PROBLEM DESCRIPTION: Once the pictures are set aside, transcribe the remaining data exactly.

STORED DATA:
*** Block opens ***
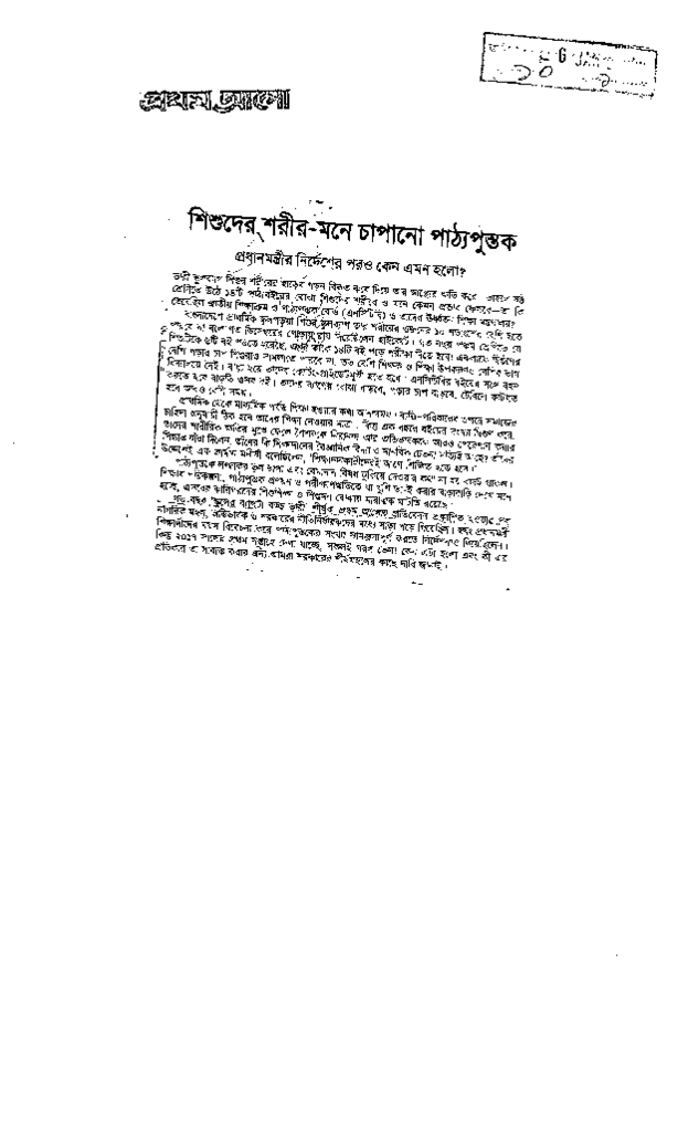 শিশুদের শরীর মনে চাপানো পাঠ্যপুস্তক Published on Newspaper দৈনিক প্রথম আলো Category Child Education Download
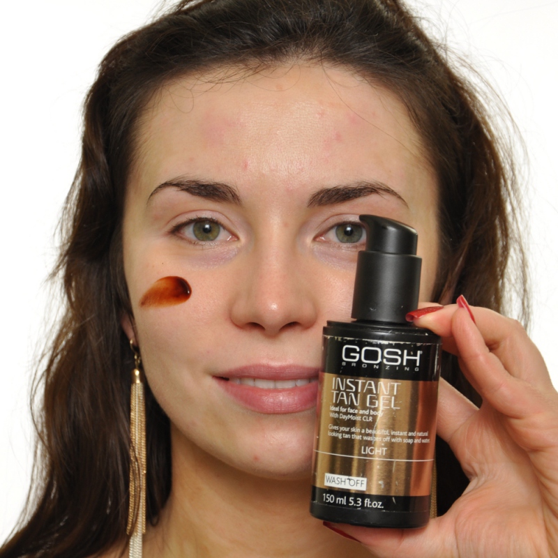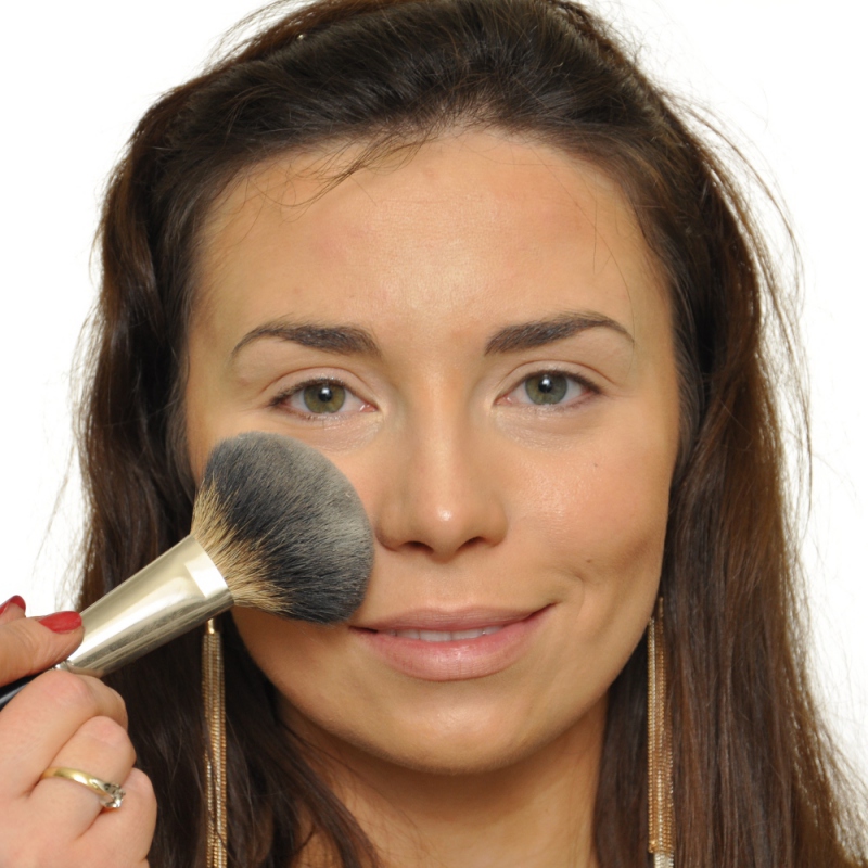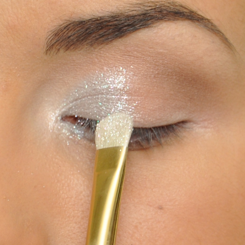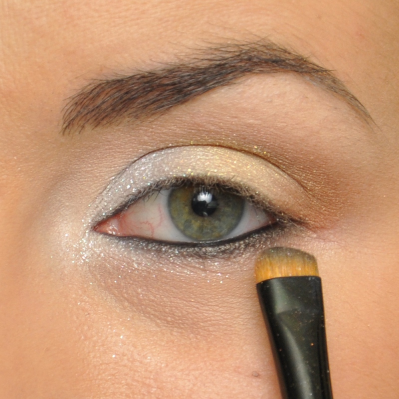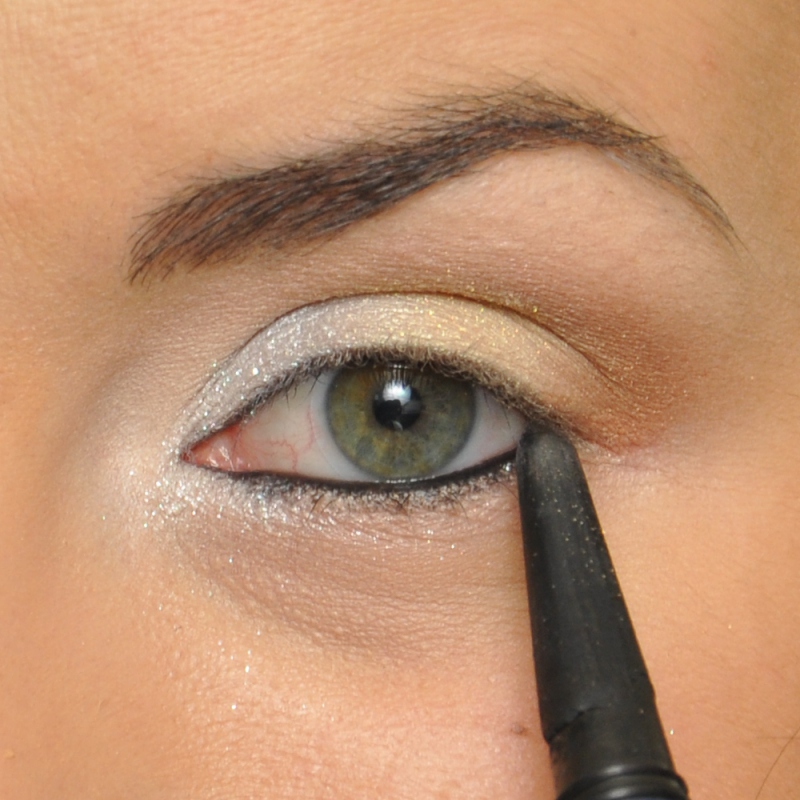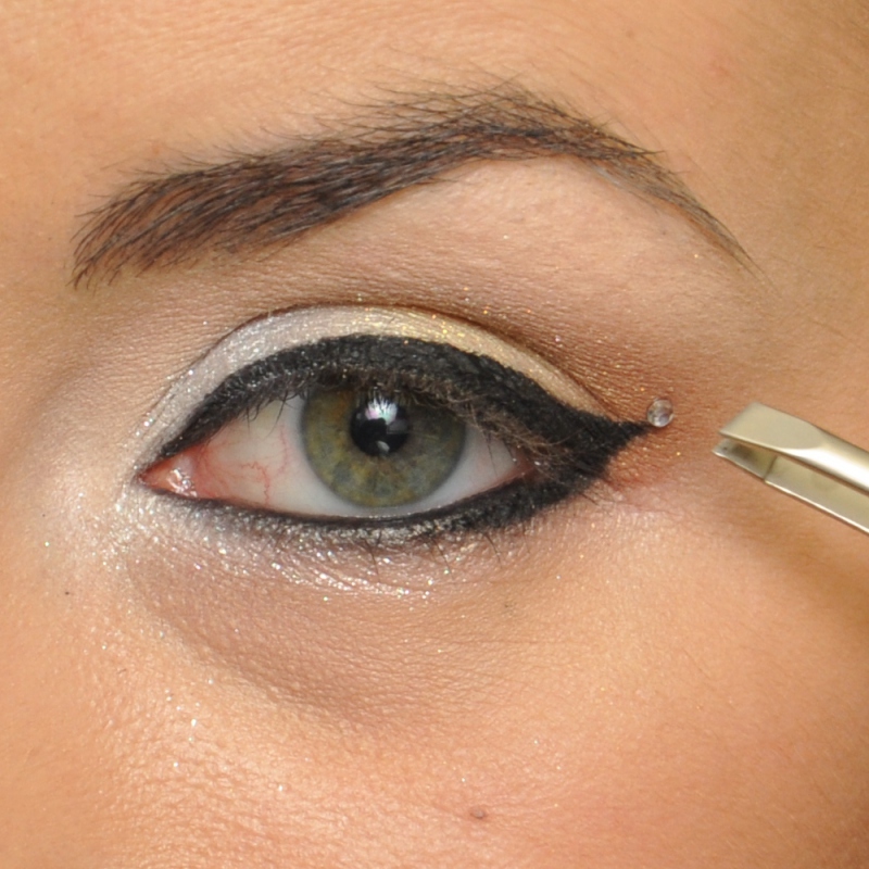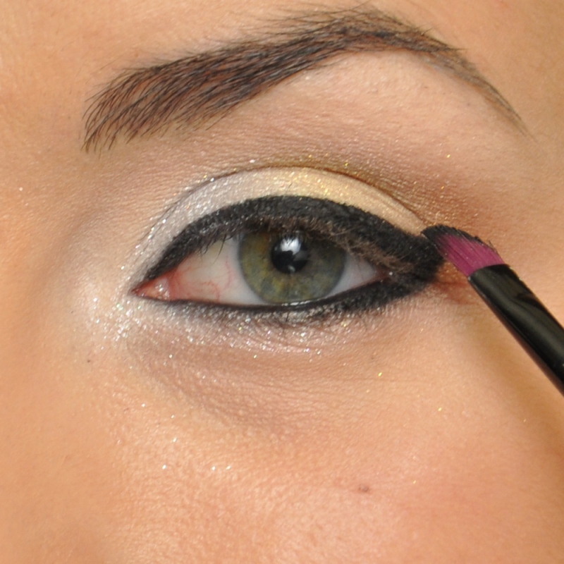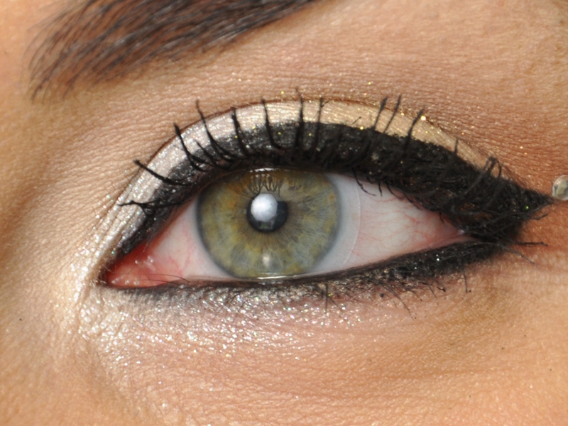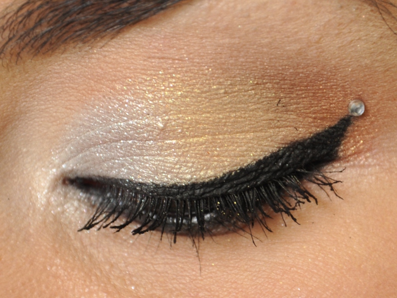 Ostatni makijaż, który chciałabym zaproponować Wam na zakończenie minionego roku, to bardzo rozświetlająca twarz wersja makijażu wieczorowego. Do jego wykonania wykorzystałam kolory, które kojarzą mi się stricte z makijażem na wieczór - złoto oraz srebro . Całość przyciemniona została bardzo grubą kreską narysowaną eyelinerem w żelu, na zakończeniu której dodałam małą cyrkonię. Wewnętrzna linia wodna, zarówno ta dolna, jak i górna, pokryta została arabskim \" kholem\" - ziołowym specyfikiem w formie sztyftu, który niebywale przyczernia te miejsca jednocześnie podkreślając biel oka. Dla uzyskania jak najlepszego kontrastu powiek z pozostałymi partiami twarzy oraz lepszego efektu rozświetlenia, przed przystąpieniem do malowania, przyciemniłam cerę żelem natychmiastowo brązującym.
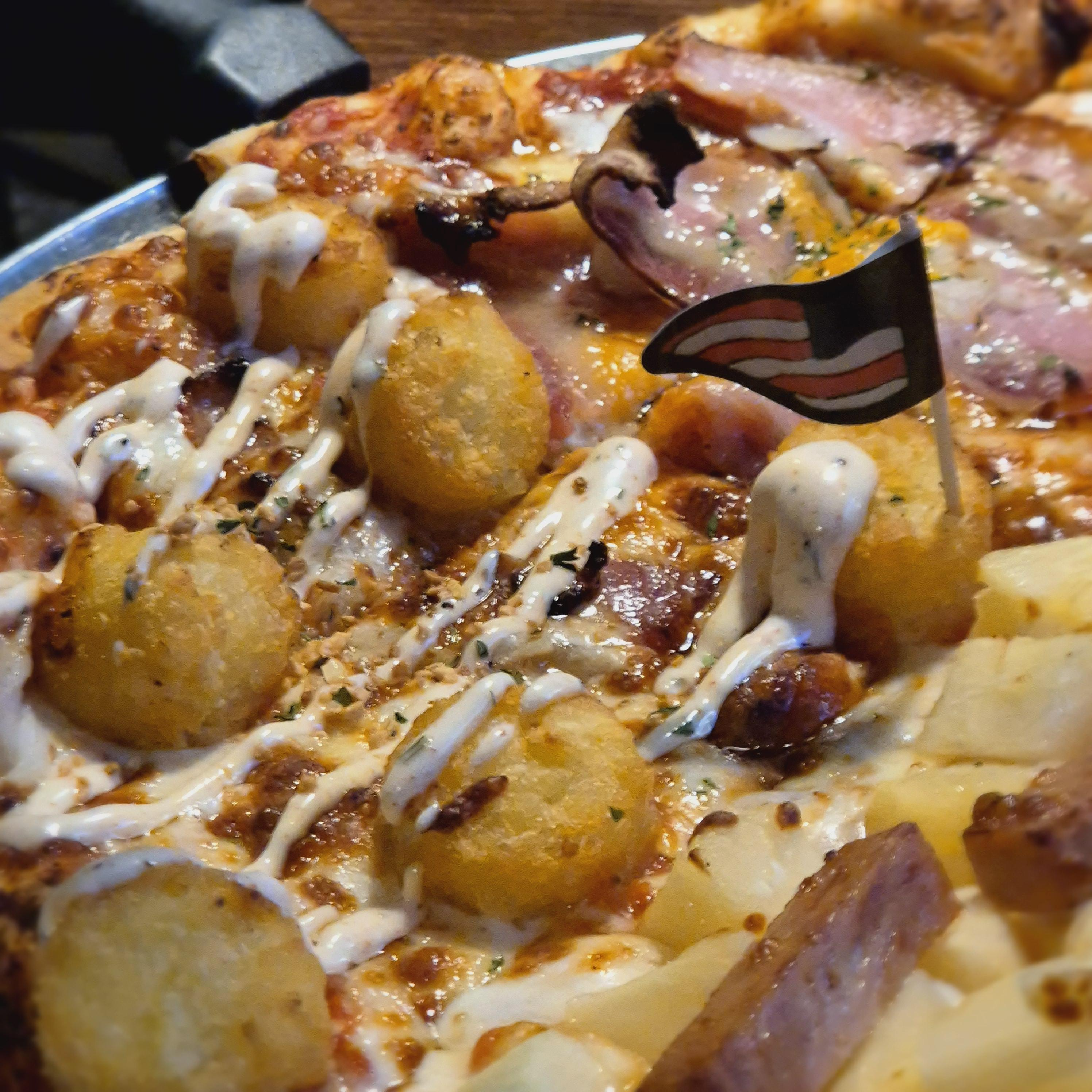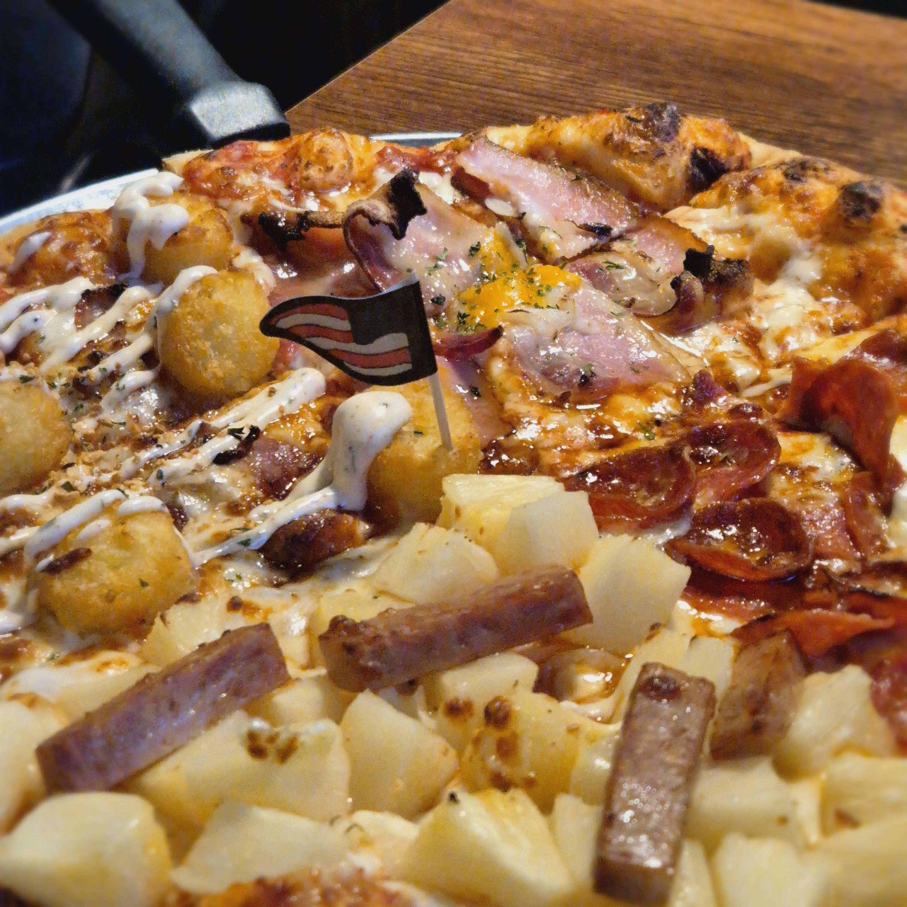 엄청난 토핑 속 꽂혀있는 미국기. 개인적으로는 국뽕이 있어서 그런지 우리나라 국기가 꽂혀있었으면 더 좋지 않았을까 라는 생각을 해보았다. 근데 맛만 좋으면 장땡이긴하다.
*** Block closes ***
ANSWER SPACE:
 শিশুদের শরীর মনে চাপানো পাঠ্যপুস্তক Published on Newspaper দৈনিক প্রথম আলো Category Child Education Download
 Ostatni makijaż, który chciałabym zaproponować Wam na zakończenie minionego roku, to bardzo rozświetlająca twarz wersja makijażu wieczorowego. Do jego wykonania wykorzystałam kolory, które kojarzą mi się stricte z makijażem na wieczór - złoto oraz srebro . Całość przyciemniona została bardzo grubą kreską narysowaną eyelinerem w żelu, na zakończeniu której dodałam małą cyrkonię. Wewnętrzna linia wodna, zarówno ta dolna, jak i górna, pokryta została arabskim \" kholem\" - ziołowym specyfikiem w formie sztyftu, który niebywale przyczernia te miejsca jednocześnie podkreślając biel oka. Dla uzyskania jak najlepszego kontrastu powiek z pozostałymi partiami twarzy oraz lepszego efektu rozświetlenia, przed przystąpieniem do malowania, przyciemniłam cerę żelem natychmiastowo brązującym.
 엄청난 토핑 속 꽂혀있는 미국기. 개인적으로는 국뽕이 있어서 그런지 우리나라 국기가 꽂혀있었으면 더 좋지 않았을까 라는 생각을 해보았다. 근데 맛만 좋으면 장땡이긴하다.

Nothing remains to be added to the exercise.